Iran’s Ministry of Culture and Islamic Guidance in May released a statement describing Mr. Abbasi — an Iranian-born filmmaker now living in Denmark — as having “a confused mind.” The officials declared that his “Holy Spider” was an insult to “the beliefs of millions of Muslims and the huge Shiite population of the world.”

Underlining its displeasure, the governmental body went on to liken Mr. Abbasi’s picture to “The Satanic Verses.” Given current events in Iran and the recent attack on that book’s author, Salman Rushdie, “Holy Spider” arrives in theaters with a level of disapprobation and pertinence few filmmakers could imagine.

Mr. Abbasi likely considers all of the above a badge of honor. Just this month, he appeared on the red carpet at the London Film Festival wearing a cleric’s robe and with a faux bloodied mouth. He was holding a sign reading “#MahsaAmini” — the name of the young woman whose death at the hands of Iran’s morality police has prompted a spate of nationwide demonstrations in that country. Mr. Abbasi is not above courting controversy or, for that matter, engaging in a bit of theater.

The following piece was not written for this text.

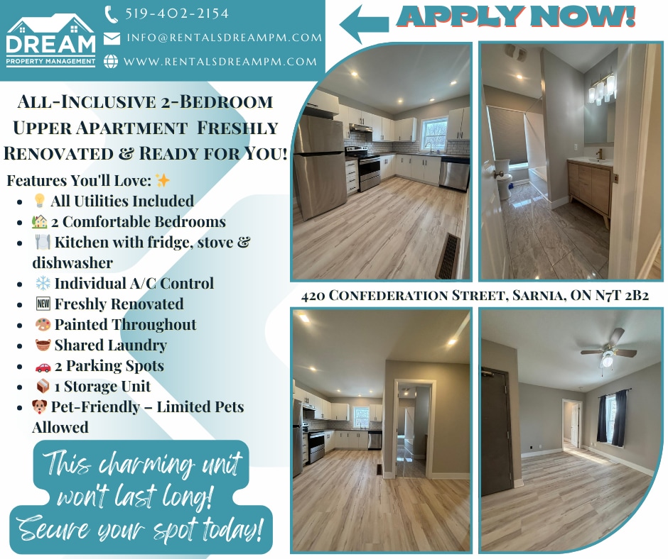 Appartement 2 chambres à l'étage, tout inclus – Fraîchement rénové et prêt à vous accueillir ! Profitez d'une vie sans tracas dans ce superbe appartement 2 chambres à l'étage, récemment rénové et tout inclus. Un seul loyer mensuel couvre toutes vos charges. Ce logement est conçu pour vous faire économiser de l'argent et vous offrir un confort optimal toute l'année ! Ses atouts : - 2 chambres confortables – Des espaces lumineux et accueillants pour des nuits reposantes. - Cuisine équipée – Réfrigérateur, cuisinière et lave-vaisselle inclus pour préparer vos repas en toute simplicité. - Climatisation individuelle – Réglez la température à votre convenance. - Entièrement rénové et repeint – Un style moderne et épuré, comme neuf. - Buanderie commune – Un espace buanderie partagé pour votre confort. - Lumineux et agréable – L'appartement bénéficie d'une abondante lumière naturelle. Autres avantages : - Toutes les charges sont comprises – Un seul loyer mensuel, sans frais supplémentaires ! - 2 places de parking – Plus besoin de vous soucier du stationnement dans la rue. - 1 unité de rangement – Espace supplémentaire pour une organisation optimale. - Animaux acceptés – Nombre limité d'animaux (des restrictions peuvent s'appliquer). - Non-fumeur – Environnement propre et sain. - Emplacement idéal. Points forts du quartier : * Écoles : - École publique PE McGibbon (1,4 km) - Académie Royal SCITS (1,5 km) - École publique London Road (2,2 km) - École publique Hanna Memorial (2,4 km) * Services de santé : - Clinique Mackenzie (1,6 km) - Centre de santé Bluewater Sarnia (2,5 km) - Clinique dentaire Lambton Family (3,4 km) * Commerces et épiceries : - Marché du centre-ville (1,9 km) - London Food Mart (2,0 km) - Food Basics (2,2 km) Exigences : (Seuls les candidats qualifiés seront contactés) - Candidature en ligne : - Premier et dernier mois de loyer + dépôt de garantie - Vérification de crédit et références - Assurance locataire - Déneigement : Le locataire est responsable de sa portion d'allée. Prêt à emménager ? Déposez votre candidature dès aujourd'hui ! - Courriel : - Téléphone : - Postulez maintenant : Votre logement idéal vous attend ! Ne ratez pas cette occasion ! *Avertissement : Les distances sont approximatives et basées sur Google Maps. Bien que jugées fiables, les informations fournies ne sont pas garanties et doivent être vérifiées indépendamment. Veuillez noter que tous les contrats de location doivent être conformes à la Loi sur la location résidentielle de l'Ontario.

Anyone who sits down to watch “Holy Spider” has to wonder how the film was made. The picture it paints of life in Iran isn’t happy. (For the record: filming took place in Jordan.) Admittedly, any story predicated on a serial killer who operates under a skewed notion of spiritual rectitude will, in large part, waylay the picturesque. Yet the societal shortcomings highlighted by Mr. Abbasi, who co-wrote the film with Zar Amir Ebrahimi, should prompt dismay in those of us comfortably ensconced in the West; outrage, too. 

Along with her duties as screenwriter, Ms. Ebrahimi stars as Rahimi, a reporter from Tehran who has traveled to Mashhad, the country’s second-largest city and home to the Imam Reza Shrine, a site at which millions of pilgrims congregate annually. A serial killer has been murdering prostitutes in the area, and the police have been stymied in locating the perpetrator. Rahimi joins forces with Sharifi (Arash Ashtiani), a local newspaperman who has, on several occasions, been in telephone contact with the murderer.

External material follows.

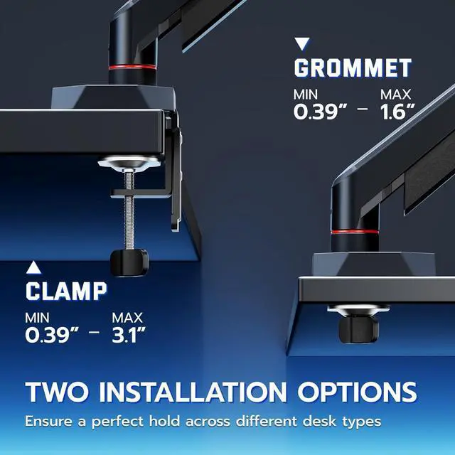 C-Clamp & Grommet Base - It features full VESA compatibility (75x75, 100x100) and offers two versatile installation options C-Clamp (0.39"-3.1" thick desks) or Grommet Mount (0.39"-1.6" thick desks).

“Holy Spider” begins as a whodunnit but shifts gears when Mr. Abbasi tips his hand and lets us know the identity of the killer: Saaed Hanaei (Mehdi Bajistani), a 50-ish construction worker and family man who served in the Iran-Iraq war. Whenever the wife and kids are visiting the in-laws, Hanaei rides his motorcycle to the sketchier precincts of Mashhad, picks up a prostitute, and brings her home. Strangulation, often using the victim’s own chador, is the preferred method of execution.

Mr. Abbasi and Ms. Ebrahimi tread an uneasy line between established fact and cinematic fiction. Ms. Ebrahimi’s character is invented; Mr. Bajistani’s is not. Saaed Hanaei killed 16 women between the years 2000 and 2001 while on a self-styled divine mission to rid Masham of its “cockroaches.” The city was riven by fear. Just before Hanaei’s arrest, the police rounded up hundreds of prostitutes — not for prosecution, but for their own protection.

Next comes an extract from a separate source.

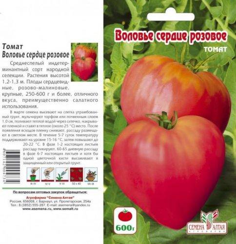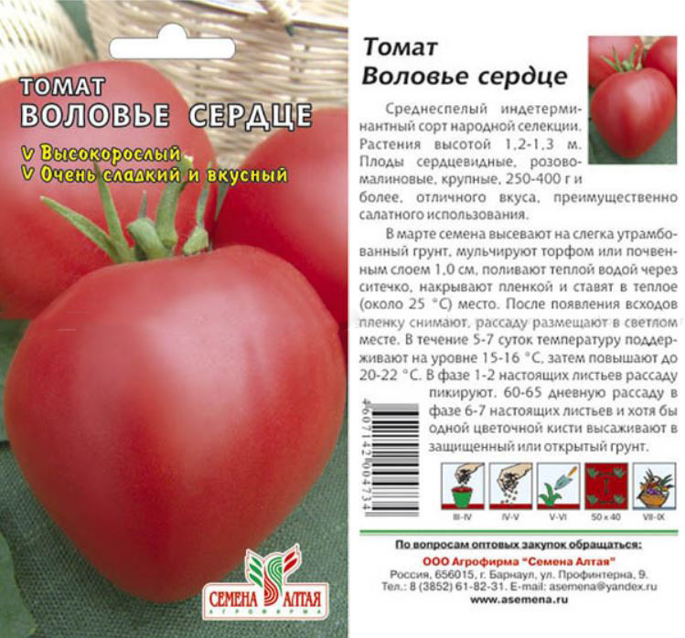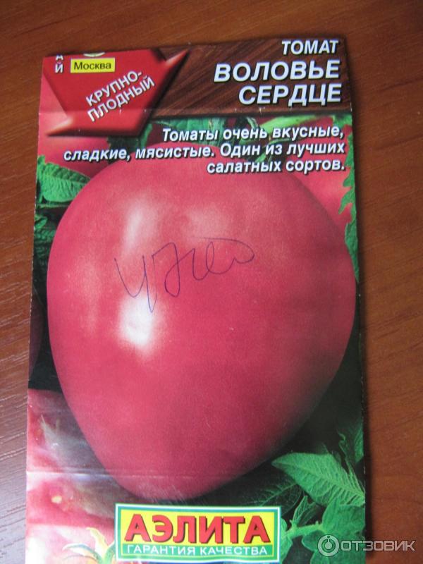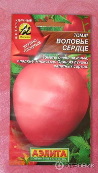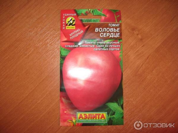 Ας ξεκινήσουμε τη γνωριμία μας με την ποικιλία "Ox Heart".Οι σπόροι είναι συσκευασμένοι σε μια πολύχρωμη σακούλα με την εικόνα μιας δελεαστικής ντομάτας.

As the film progresses, “Holy Spider” morphs into a character study and then a police procedural, becoming, in its last minutes, an excoriation of cultural mores. When Hanaei becomes a folk hero after his arrest — he is cleaning up the streets, right? — Rahimi is aghast and Sharifi nonplussed. It’s business as usual, it seems, in the oppressed and patriarchal Iranian culture. Whereupon Mr. Abbisi ends the film with a scene that would be melodramatic in its contrivance if historical circumstance hasn’t proved it altogether accurate. 

“Holy Spider” is grisly, graphic, and often difficult to watch, but it is a compelling, impeccably crafted, and recommended movie. Just be warned: You’ll almost surely leave the theater in an unsettled frame of mind. This, of course, is the point.